# Automatic Knives and florida Knife laws



## arnisandyz

I was doing some research on Auto Knives and came across another forum in which a Gun/Knife dealer from Florida posted a thread entitled "Even the Cops don't know the law".

Basically he was at a gun/knife show in Jacksonville and a group of LEO stopped at his booth, looked at an auto knife and asked if it was legal.  One of the LEO was a friend of his so he decided to mess with them and said "You tell me"  He said he got 5 different "guesses" and one guy even went back to his car to check the "books".

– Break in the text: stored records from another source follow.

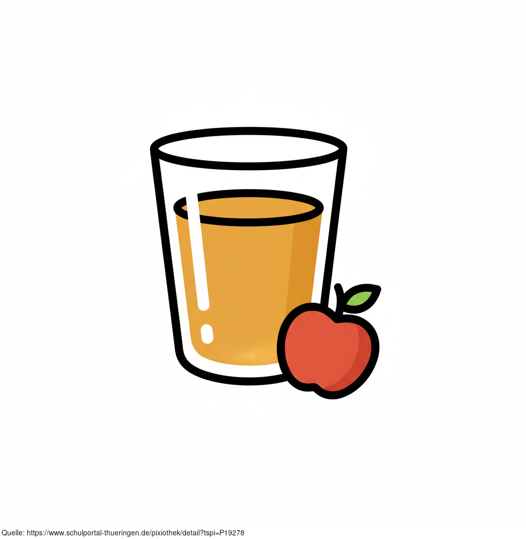 Das Bild zeigt ein gezeichnetes Motiv zum Begriff Apfelsaft. Das Bild wurde mittels einer KI (Gemini) erstellt und ist unter CC0 lizenziert. Weitere Bilder aus Herrn Emrich-Försters Bild-Archiv findet man hier: https://pix.foerster.rocks/
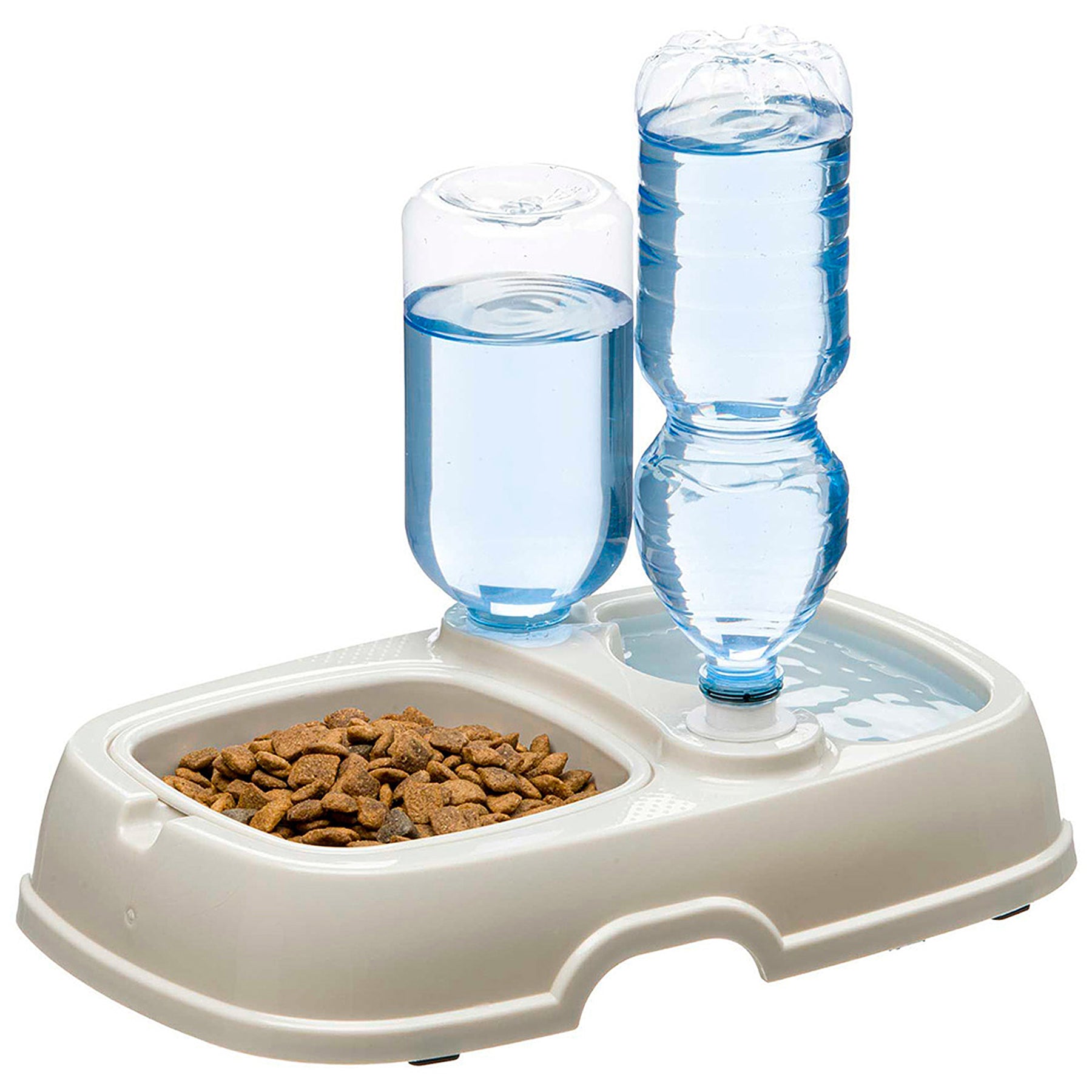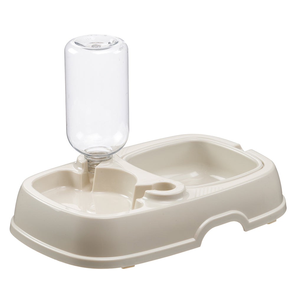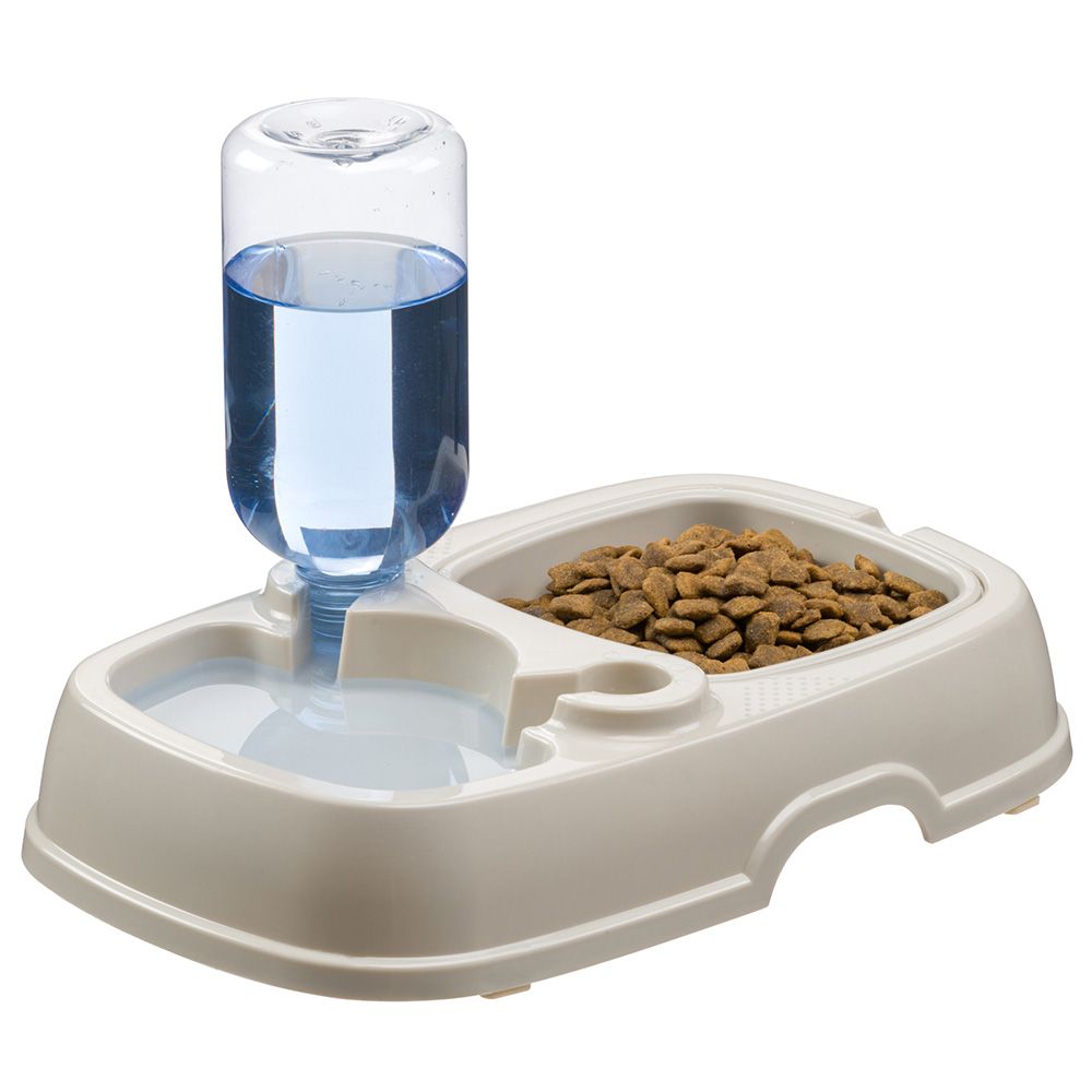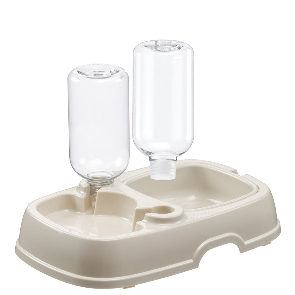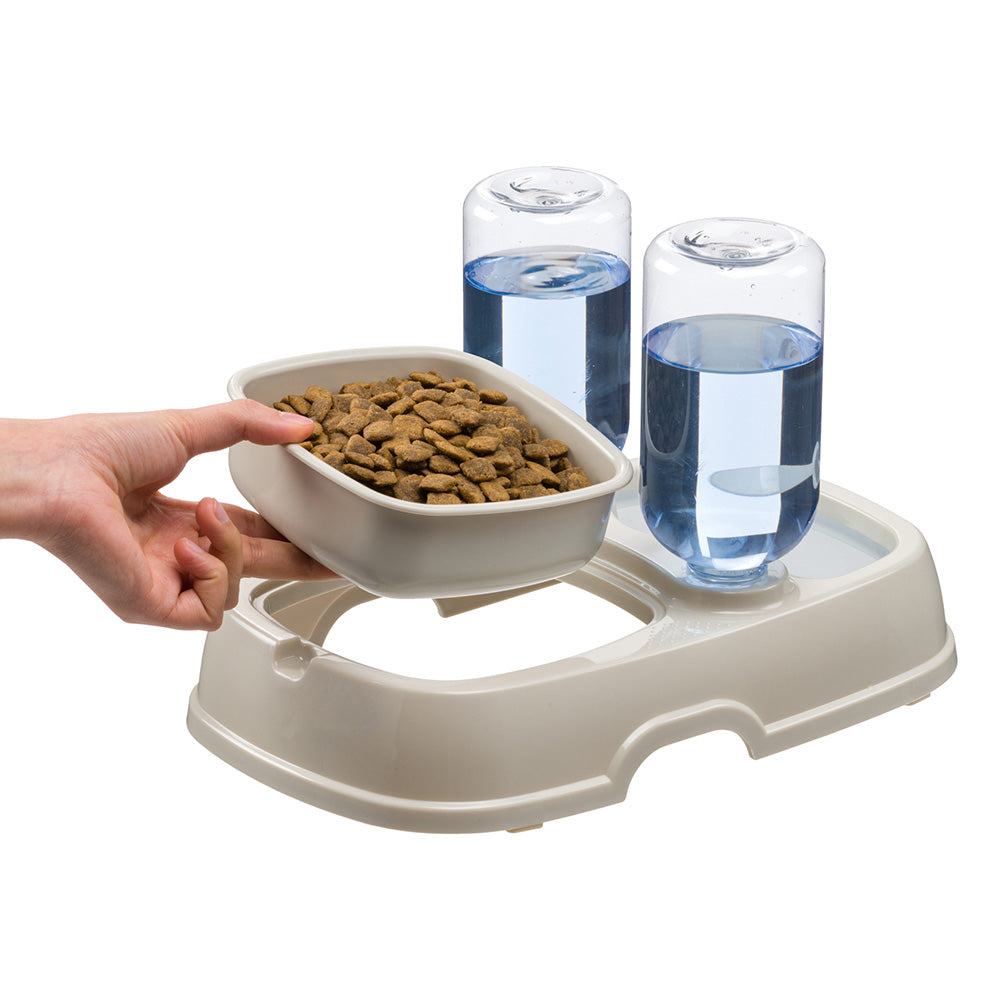 Il distributore di cibo e acqua Tota 2 è la soluzione ideale per assicurare che il tuo cane o gatto sia sempre idratato e ben nutrito. Progettato con un design a doppia ciotola, consente di offrire sia acqua che cibo in un unico pratico dispositivo. Include una bottiglia da 500 ml, con la possibilità di aggiungere un'ulteriore bottiglia grazie ai connettori universali inclusi, compatibili con la maggior parte delle bottiglie in plastica.
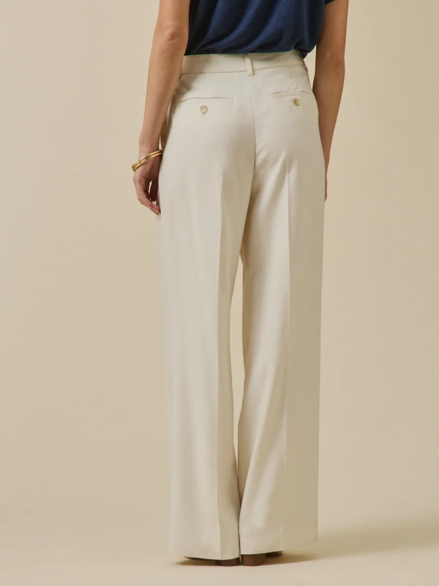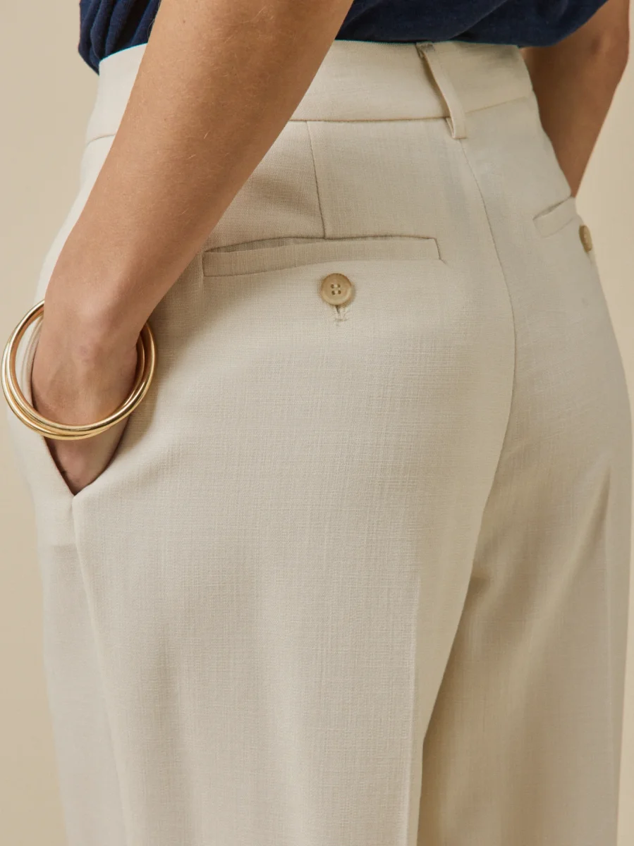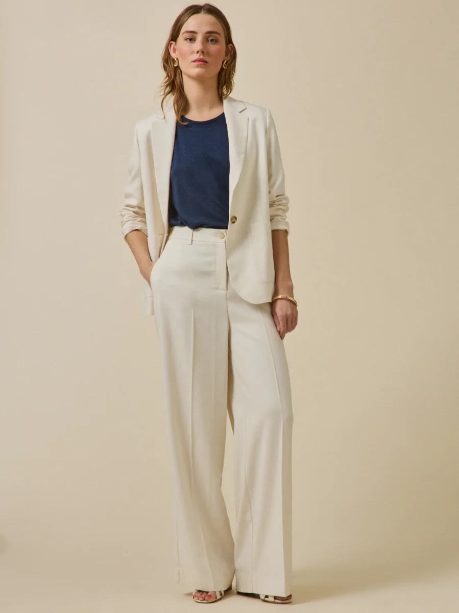 Un tissu natté portugais d’une qualité exceptionnelle. Ultra chic pour une cérémonie ou féminin au quotidien, le pantalon garde l’allure et conserve son charme, quelle que soit son interprétation. Confection Europe.
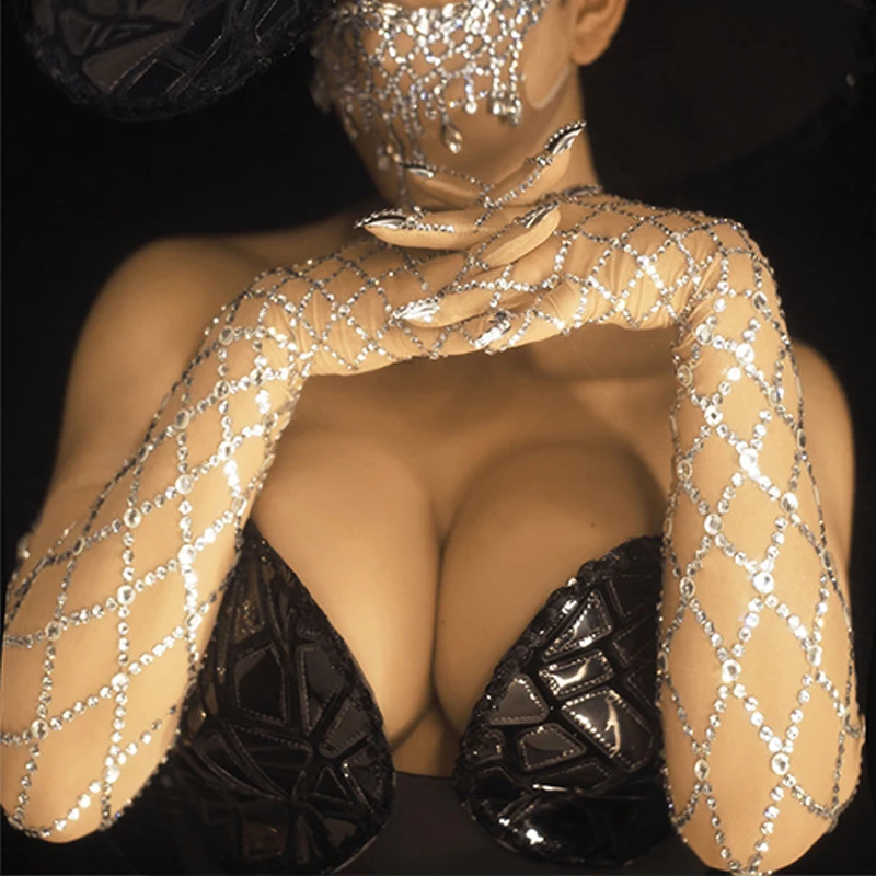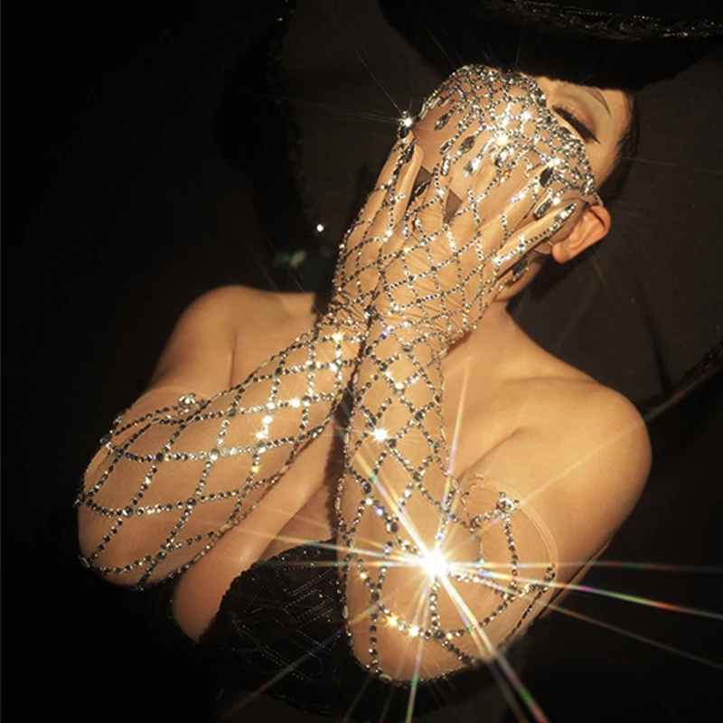 Сценический костюм певица модель ведущая полная Стразы сетчатые перчатки женские платья комбинированные Аксессуары Одежда Drag Queen VDB4219
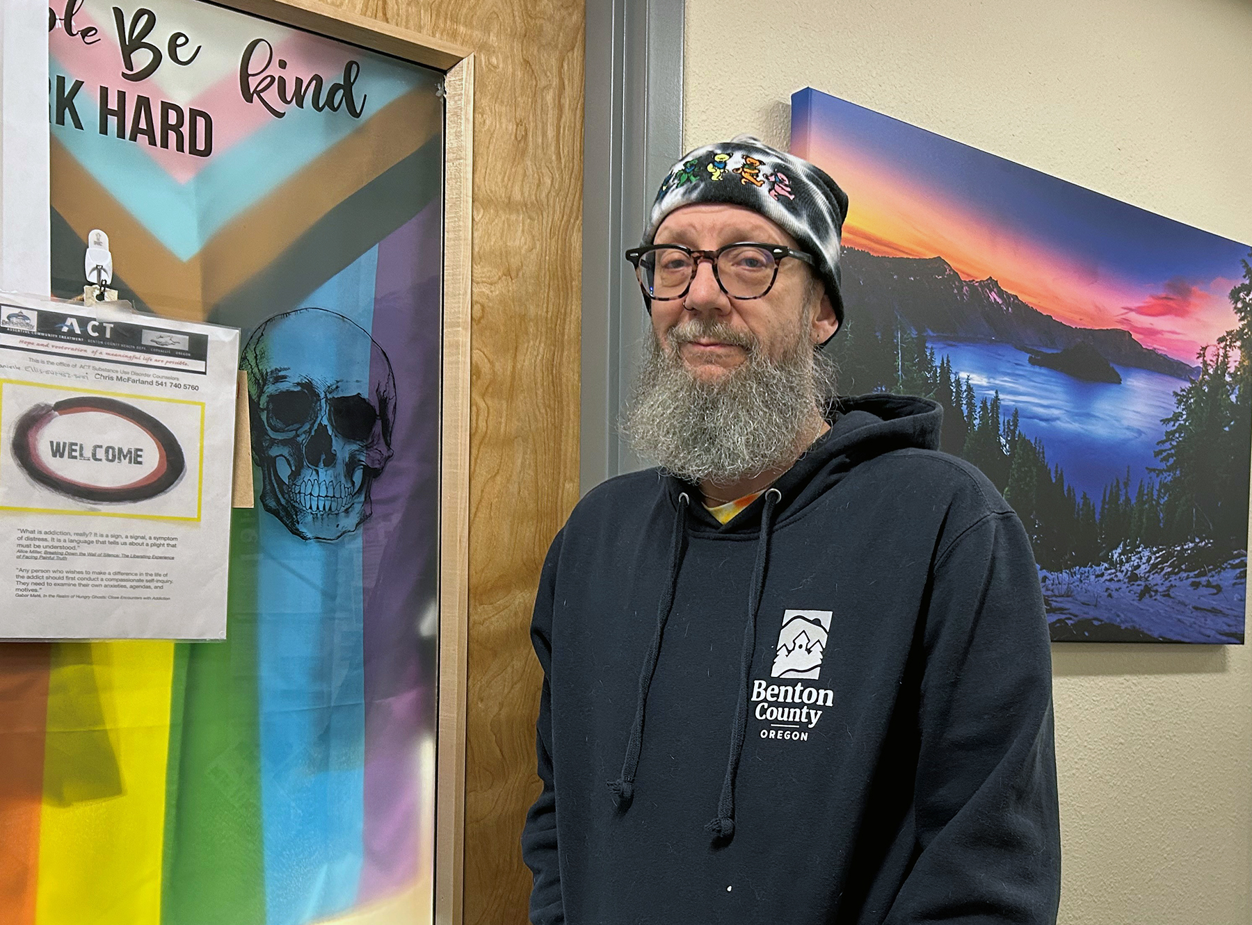 Chris McFarland stands outside his office at the Benton Health Center in Corvallis, Ore. McFarland works as a counselor, supporting individuals with serious mental illness through community-based care. (Photo courtesy of Benton County)
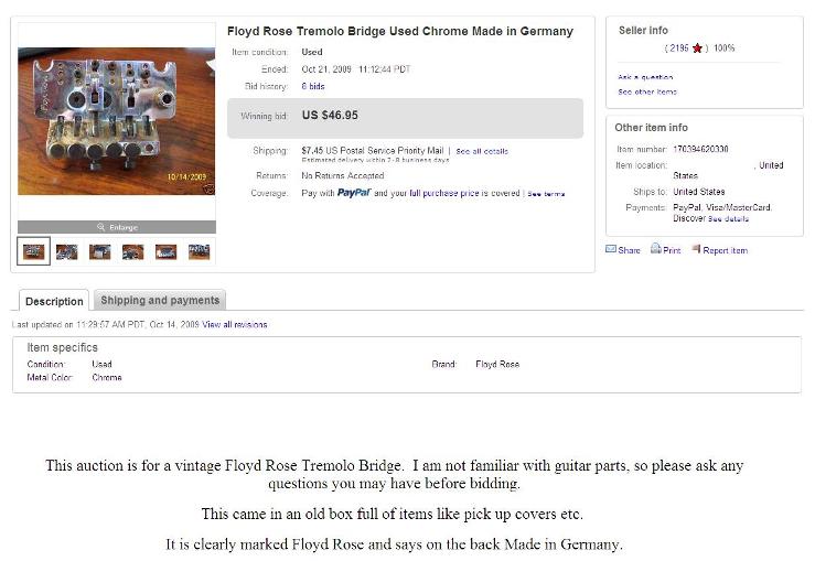 First off, it has to be worth it. What I mean by that, is the "piece of junk" you buy has to be a good deal, because you have to spend some money to get it back into shape. The Floyd Rose I purchased here on eBay, was just $46.95 (plus shipping) - what a deal! It's important to note that a circa-1980s, chrome Floyd Rose in very good to near-mint condition sells between $175-$200 on eBay (2009), depending on the condition and accessories. So it's not a good deal to pay what I did and then invest another $200 in parts! Luckily, I have a lot of Floyd parts laying around, so I usually can save $$ by piecing together some things that already own.
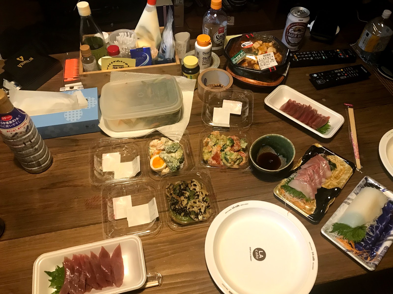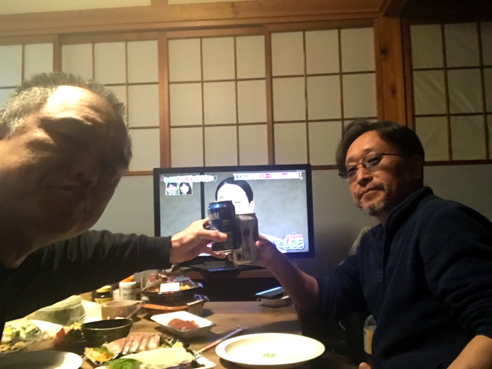 スーパーのお魚ながら生カツオなど美味しくて、ママからいただいた茎ワカメのお漬物もつまみながら飲みつつ語ったんであります。
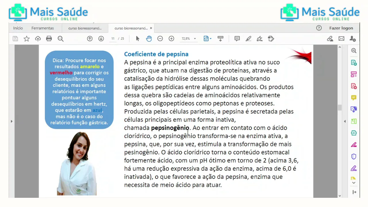 tá é em alguns parâmetros não é o caso da pepsina e dela que deu normal mesmo mas ele deve ficar atento aos sintomas por isso que é anamnese Clínica deve ser feita primeiro para a gente saber as queixas principais do paciente porque às vezes a gente vai ter que focar naquele naquele relatório ele mesmo em azul mesmo em pouco a normal porque é uma queixa que ainda não foi solucionada para aquela pessoa para aquele indivíduo que foi avaliado como um analisador quântico Tá bom então deve ficar de olho também na anamnese Clínica e nas queixas

Apparently according to this dealer, there is NO mandates on Auto knives or size of blade in Florida.  The only thing in the Statutes regarding knives are about the weapon being concelled or it being a projectile type weapon.  I found this very interesting as someone a long time ago told me my balisong was illegal to carry.  I'm doing more research, I wouldn't mind adding a good auto to my collection.


Andy


----------



## arnisandyz

Found more info on Florida Knife laws
here http://www.floridaknifemakers.org/Florida Knife Laws.htm

There is a section that explains the laws of "switchblades"  and the confusion of "projectile" and "self-propelled" (doesn't say anything about balisong/gravity knives however.


----------



## Elfan

http://pw1.netcom.com/~brlevine/sta-law.htm

Lots of good knife law info there.


----------



## Cthulhu

I'm at work now, so I'll have to check the site later.  However, from what I was told during my NRA safety course, it isn't illegal in FL to purchase automatic knives, but to carry them, you have to have a concealed weapons permit (which is frighteningly easy to get if you have no criminal record).

Cthulhu


----------